Shakey Graves will play The Rooftop at Pier 17 with Lucius on August 15; on August 18, he'll be at Stone Pony's Summer Stage in Asbury Park on a bill with headliner The War On Drugs as well as Lucius and Steve Gunn.

Tyler Childers, "In Your Love"

Coal country and queer love convene in Tyler Childers' cinematic new video for his song, "In Your Love," a pining ballad (and hit single) from his forthcoming album Rustin' in the Rain, released September 8. The moving storyline of the video, directed by Bryan Schlam and starring Colton Haynes and James Scully (both openly gay), was written by queer Appalachian author and Kentucky's poet laureate Silas House, a friend of Childers.

"[One] reason that I wanted to do this music video was my cousin growing up, who's like my big brother, is gay," Childers explained to NPR Music. "And he graduated from Northern Kentucky, went to Chicago and never came back. He taught me so much about singing; he was my first tough critic. And just thinking about him not having a music video on CMT that spoke to him."

Childers has made social justice a key motivation for his songwriting and Rustin' in the Rain is no different. He played two dates at Radio City Music Hall with friend Elle King earlier this month and headlines the Catbird Music Festival on August 20 at the Bethel Woods Center for the Arts. (The Lumineers headline on August 19.)

Wilco, "Evicted"
Jeff Tweedy and Wilco's lovely and lilting "Evicted" is the first single from their forthcoming (and lucky No. 13) album Cousin, due out on September 29.  Cate Le Bon produced the album — the Mercury Prize-nominated Welsh musician met Wilco when she played their 2019 Solid Sound Festival.

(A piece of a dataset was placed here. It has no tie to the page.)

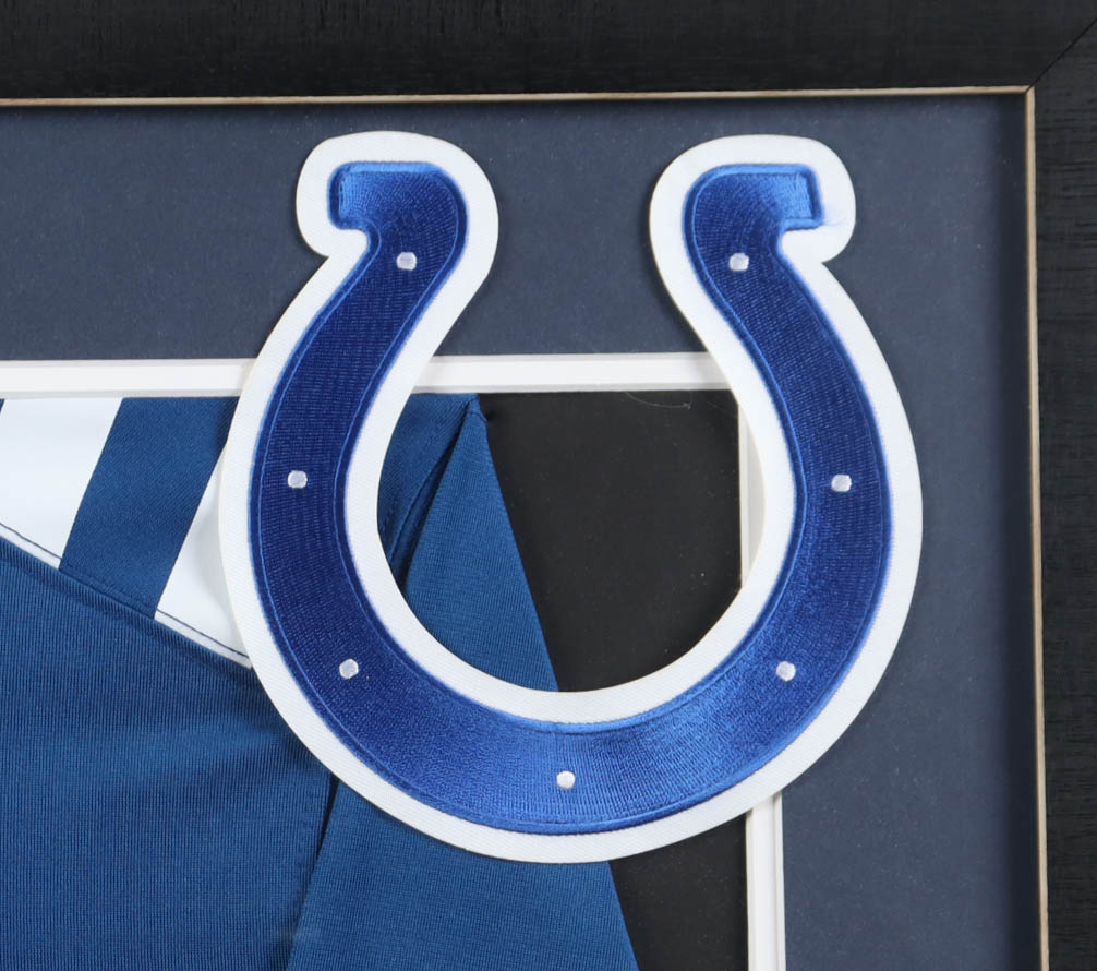 Custom frame measures approximately 31.5" x 36.5" in size and features a jersey that has been hand-signed by Anthony Richardson.

It's the first time the Chicago band has used an outside producer since 2007's Sky Blue Sky, but Cate fit the bill by encouraging them to take risks, and brought in synths, drum machines and saxophonist Euan Hinshelwood. She's also produced albums for Kurt Vile, H. Hawkline, and John Grant.

“They're so mercurial, and thereʼs this thread of authenticity that flows through everything they do, whatever the genre, whatever the feel of the record," says Le Bon in a statement. "There arenʼt many bands who are able to, this deep into a successful career, successfully change things up."

As for "Evicted," Tweedy says: “I guess I was trying to write from the point of view of someone struggling to make an argument for themself in the face of overwhelming evidence that they deserve to be locked out of someoneʼs heart,” says Tweedy. “Self-inflicted wounds still hurt and in my experience theyʼre almost impossible to fully recover from."

Wilco begins a North American tour on September 25 with both My Brightest Diamond and Nina Nastasia playing different legs of the trip.